-
Notifications
You must be signed in to change notification settings - Fork 497
Description
I wanted to iterate over the contents and metadata of some archives and sharp compress has largely worked great for that.
I initially was confused when ReaderFactory.Open(stream) didn't work on 7z.
the official docs do cover this but I missed it.

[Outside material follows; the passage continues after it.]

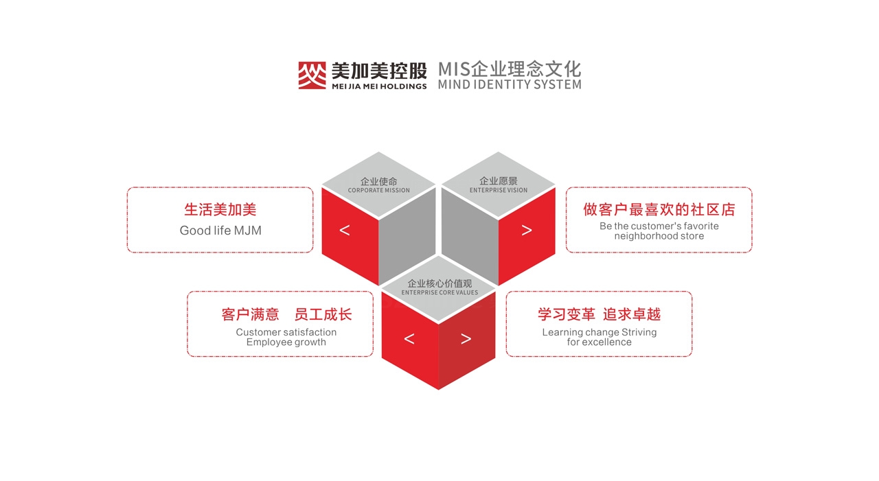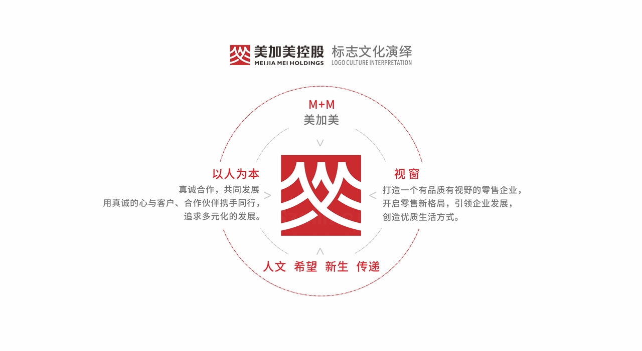 美加美控股品牌为了突显竞争力、与同行形成差异。在品牌形象设计过程中,借鉴其名英文名称“MEI JIA MEI"中的首母“M+M" 创作元素,全新的品牌识别设计力求国际化,整体简约,平易近人,投射创新、年轻、活力的品牌形象, 体现公司稳健发展和品牌领先的企业形象。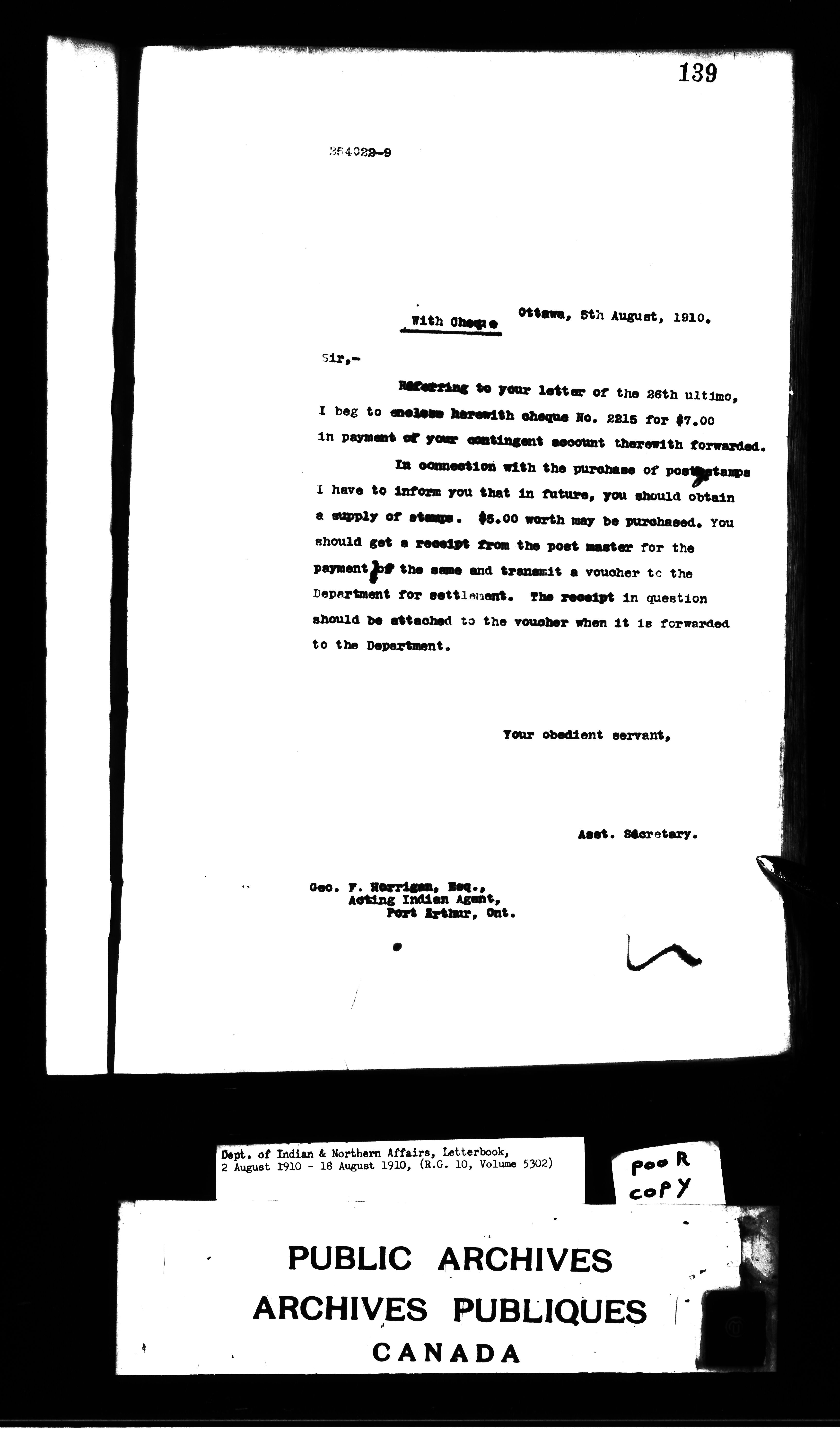 Department of Indian Affairs : Letterbooks of out-going correspondence relating to the administration of Indian Affairs in both eastern and western Canada, 1871-1920 - 8806

Initially I had then seen they also mention for perf: to use ExtractAllEntries for 7z and rar. Although it seemed to be primarily for writing the files out it seemed it might be a good way to go for performance and it gave an IReader back. It generally seemed to work well but I noticed on some archives the memory usage was huge, only eventually tracing it to the dictionary size (so a 350MB dictionary may result in a 800MB of memory usage). I also noticed just accessing .Entries on the SevenZipArchive didn't have this penalty. I then realized my error of ExtractAllEntries calling LoadEntries vs GetEntries causing the full dictionary load.
As I wanted to minimize the alternate code path for 7z I eventually settled on a custom IReader implementation that worked well for me but may be some problem outside of just performance for its specific exclusion.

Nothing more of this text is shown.